** Opening RECORDED INFORMATION block **

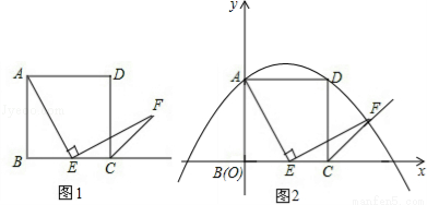 查看答案如图1,已知正方形ABCD的边长为1,点E在边BC上,若∠AEF=90°,且EF交正方形的外角∠DCM的平分线CF于点F.
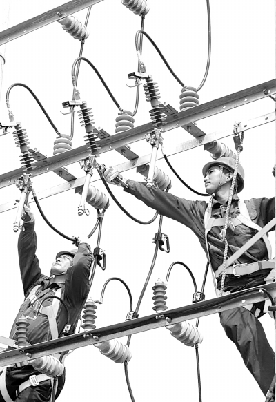 秋收时节,河北献县电力局加快农网改造升级进度,加大线路设备巡查力度,确保群众用上放心电。图为该局工作人员在辖区内维护电力设施。本报记者 赵洪波摄
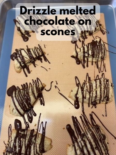 11. Optional: Melt about ⅓ cup of dairy-free chocolate chips and teaspoon of coconut oil in the microwave. Microwave in 30 second spurts, and stir in between until you have a smooth melted chocolate. Drizzle melted chocolate over the top of your scones.
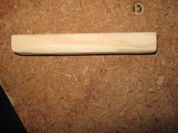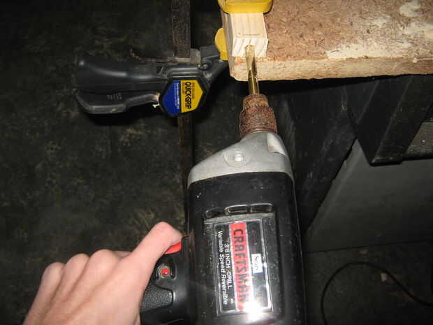 Comencé tomando una longitud de madera de aproximadamente 2 pulgadas más cortas que el cañón, que encajan muy bien en mi mano, esto se convirtió por la empuñadura. Encuentra el centro de la madera y perforó un agujero usando una broca largo con un ancho similar al cañón, por lo que el cañón encajaría perfectamente dentro. A pesar de tener una lijadora de mesa, tomé mi lijadora de banda y alisó la empuñadura para que hizo una curva semi-circle-ish que sería un apretón suave agradable.
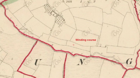 It is clear that the lower, tidal reaches of the Brickey were used by boats: apart from Samuel Lewis’s statement, we have the fact that the 25″ Ordnance Survey map of ~1900 shows two quays at Killongford. Boats might very well have been hauled further up the river, either before or after the improvements to the channel; we know that drainage channels elsewhere, eg the Ballycuirke Canal, were used for carrying, even if there was no navigation authority and thus no record of the goods carried.
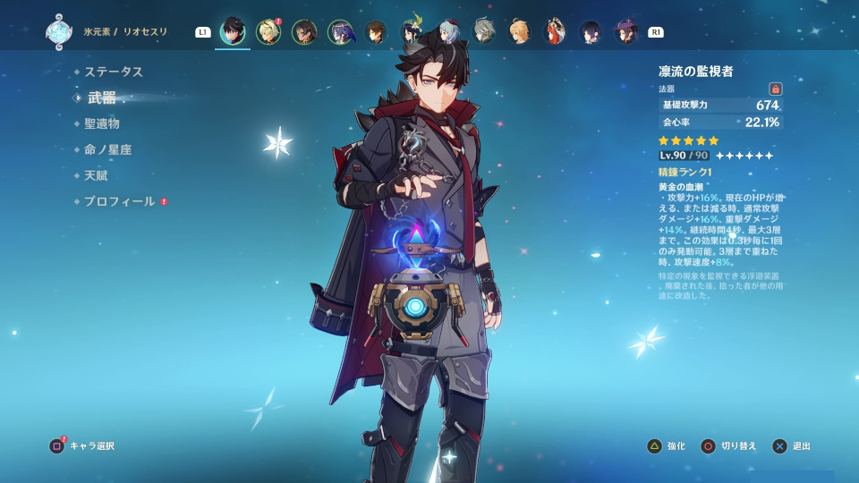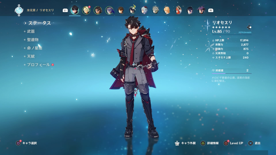 ということで、リオセスリLv80も突破出来たし、天賦も全部6まで上げた。
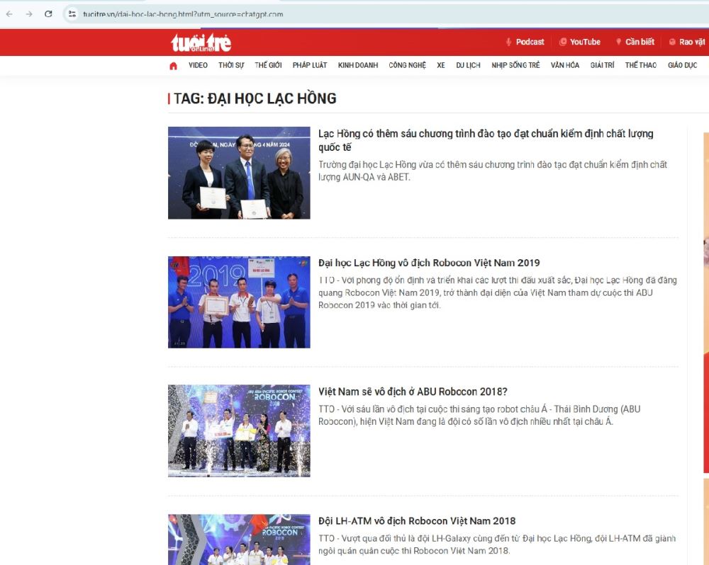 - Lạc Hồng có thêm sáu chương trình đào tạo đạt chuẩn kiểm định chất lượng quốc tế: Trường vừa có thêm sáu chương trình đào tạo đạt chuẩn kiểm định chất lượng AUN-QA và ABET.
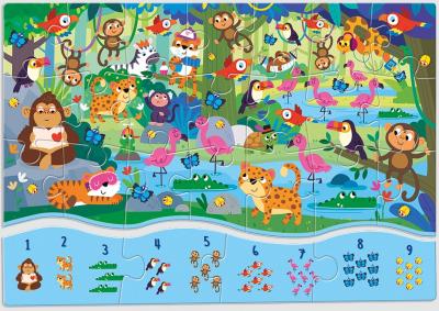 Dupa asamblarea imaginii, distractia continua cu activitati practice de numarare si asociere. Fiecare piesa este marcata cu un numar de la 1 la 9, iar provocarea consta in identificarea si numararea obiectelor corespunzatoare fiecarui numar. De exemplu, copiii pot cauta 3 maimute pentru numarul 3 sau 7 fluturi pentru numarul 7.
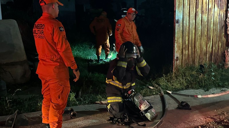 Um incêndio de grandes proporções destruiu um barracão de madeira e mobilizou moradores do bairro Morada do Ouro, em Cuiabá, na noite de domingo (9). A cena chamou atenção dos vizinhos, que tentaram controlar as chamas com baldes, mangueiras e até água retirada de uma piscina próxima.

** Closing RECORDED INFORMATION block **

**TASK DIRECTIONS:** Only the text of the records belongs in your answer, copied exactly as it appears above.

**RESULT FOR THIS TASK:**
 查看答案如图1,已知正方形ABCD的边长为1,点E在边BC上,若∠AEF=90°,且EF交正方形的外角∠DCM的平分线CF于点F.
 秋收时节,河北献县电力局加快农网改造升级进度,加大线路设备巡查力度,确保群众用上放心电。图为该局工作人员在辖区内维护电力设施。本报记者 赵洪波摄
 11. Optional: Melt about ⅓ cup of dairy-free chocolate chips and teaspoon of coconut oil in the microwave. Microwave in 30 second spurts, and stir in between until you have a smooth melted chocolate. Drizzle melted chocolate over the top of your scones.
 Comencé tomando una longitud de madera de aproximadamente 2 pulgadas más cortas que el cañón, que encajan muy bien en mi mano, esto se convirtió por la empuñadura. Encuentra el centro de la madera y perforó un agujero usando una broca largo con un ancho similar al cañón, por lo que el cañón encajaría perfectamente dentro. A pesar de tener una lijadora de mesa, tomé mi lijadora de banda y alisó la empuñadura para que hizo una curva semi-circle-ish que sería un apretón suave agradable.
 It is clear that the lower, tidal reaches of the Brickey were used by boats: apart from Samuel Lewis’s statement, we have the fact that the 25″ Ordnance Survey map of ~1900 shows two quays at Killongford. Boats might very well have been hauled further up the river, either before or after the improvements to the channel; we know that drainage channels elsewhere, eg the Ballycuirke Canal, were used for carrying, even if there was no navigation authority and thus no record of the goods carried.
 ということで、リオセスリLv80も突破出来たし、天賦も全部6まで上げた。
 - Lạc Hồng có thêm sáu chương trình đào tạo đạt chuẩn kiểm định chất lượng quốc tế: Trường vừa có thêm sáu chương trình đào tạo đạt chuẩn kiểm định chất lượng AUN-QA và ABET.
 Dupa asamblarea imaginii, distractia continua cu activitati practice de numarare si asociere. Fiecare piesa este marcata cu un numar de la 1 la 9, iar provocarea consta in identificarea si numararea obiectelor corespunzatoare fiecarui numar. De exemplu, copiii pot cauta 3 maimute pentru numarul 3 sau 7 fluturi pentru numarul 7.
 Um incêndio de grandes proporções destruiu um barracão de madeira e mobilizou moradores do bairro Morada do Ouro, em Cuiabá, na noite de domingo (9). A cena chamou atenção dos vizinhos, que tentaram controlar as chamas com baldes, mangueiras e até água retirada de uma piscina próxima.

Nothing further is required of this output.